All participating schools were public schools, both the preprimary and the primary ones. This program was implemented in all Cyprus districts: Nicosia, Limassol, Larnaka, Famagusta and Paphos.  Approximately 140 – 450 children from each school participated in the program, 15 – 38 educators and the school principals and deputies. Three hundred and twenty one parents from all schools participated in the program. Other participants were the Ministry of Education and Culture, the schools’ inspectors who were regularly informed about the progress of the program and facilitated the implementation process, and the Cyprus Pedagogical Institute with the Environmental Education Unit which was responsible for the school guidance, the training of the teachers and the school administration, as well as the information of the communities. In all cases, the participants had to overcome various conflicts and obstacles. For example, while the school administrations appeared eager to participate and support the program, they were worried about the lack of time, access to economic resources, and were limited by the curriculum load and other potential disruptions that might be caused due to the transfer of the teaching learning process outdoors. Similarly the educators were also enthusiastic about the program but they needed to overcome their insecurities about restructuring the teaching and learning process, and transferring it out doors in collaboration with the parents and other actors. Finally in order to participate in the program, parents had to overcome the prevailing view of a traditional school and become aware of schools’ additional roles and their personal role for the achievement of the schools efforts.

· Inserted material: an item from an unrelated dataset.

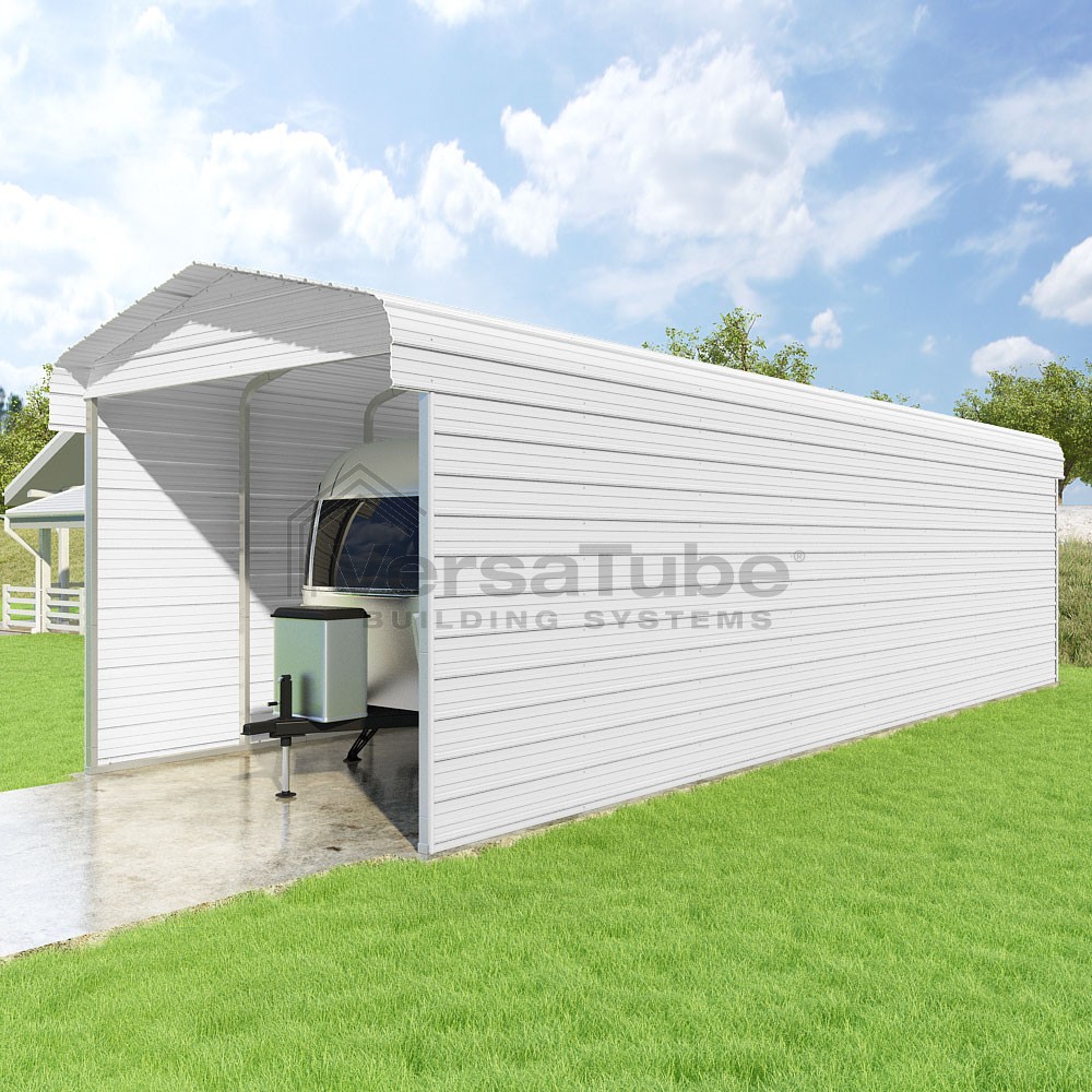 "I was very impressed with the installation instructions and quality of the material. My son-in -law and myself completed this installation in 2 days. I just purchased a new RV and I like that I don’t have to worry about sun rot or weather damage . This building was a 30’X30’ with a back wall. Going to enjoy it for years to come.

Participation in the program was optional and open to all public schools therefore participants were from all districts and therefore had (a) different demographic profiles (socioeconomic background of the students families, such as schools with parents of high educational level and income on one hand and schools where students were mainly immigrants and workers), (b) different school building infrastructure (some schools were new with modern infrastructure, laboratories for science education, for ICT, special classrooms for music, stage theatre, using solar panels for energy, outdoor classes, school gardens whereas other school lacked basic infrastructure, laboratories and even lacked teaching rooms for which they used prefabricated constructions as temporary solutions. Similarly the students achievement level varied, with some schools’ achievement being high whereas in other schools it was low, combined with lack of discipline and behavioural problems, (c) different involvement and approach of environmental and sustainability issues (participation in different environmental education programs, environmental initiatives) and collaborations with other schools in Cyprus and elsewhere. There were schools for example, which had extensive experience with environmental education programs and collaborations with schools abroad within Comenius programs where they studied common environmental issues. Other schools had extremely limited experience with EE or ESD due to other priorities of by the school (e.g. e.g. controlling delinquency, or emphasizing health education and multicultural education). The school was the key player for establishing the collaboration with the community. School would take the initiative for identifying the issue of study, mobilising and engaging the community and other collaborators for the program and through the collaboration designing and developing all program phases. For the foundation of the collaboration with the community, each partner within the school had a clearly defined role. E.g. the school administration was responsible for supporting the efforts for opening the school to the community, contacting the various agents and ensuring funding and resources. The educators had to organise the framework and the process of the collaboration and parents were expected to participate with and support these processes.

Each schools vision concerning ESD was related to their special circumstances, needs and unique features. Nevertheless the objective sought was the same for all cases: Each school, according to its own potential and issue of focus, was expected to collaborate with all its partners and become an organisation which would promote activities and actions leading to the improvement of the quality of life in school and the community. Progressively, in the long term, the collaboration would lead to conditions of environmental, social and economic sustainability for the community.

For example the vision for the 8th Primary school in Limassol, (“adoption of a Park”) was to upgrade the quality of the local settings by creating a park of native plant species. The responsibility of the creation, the conservation and maintenance of the park would be shared between the school, the local authorities, and the local habitants. The park would serve as a learning environment, as well as an environment of collective effort and action seeking to stress the importance of individual and shared responsibility for improving the community’s quality of life within sustainable development.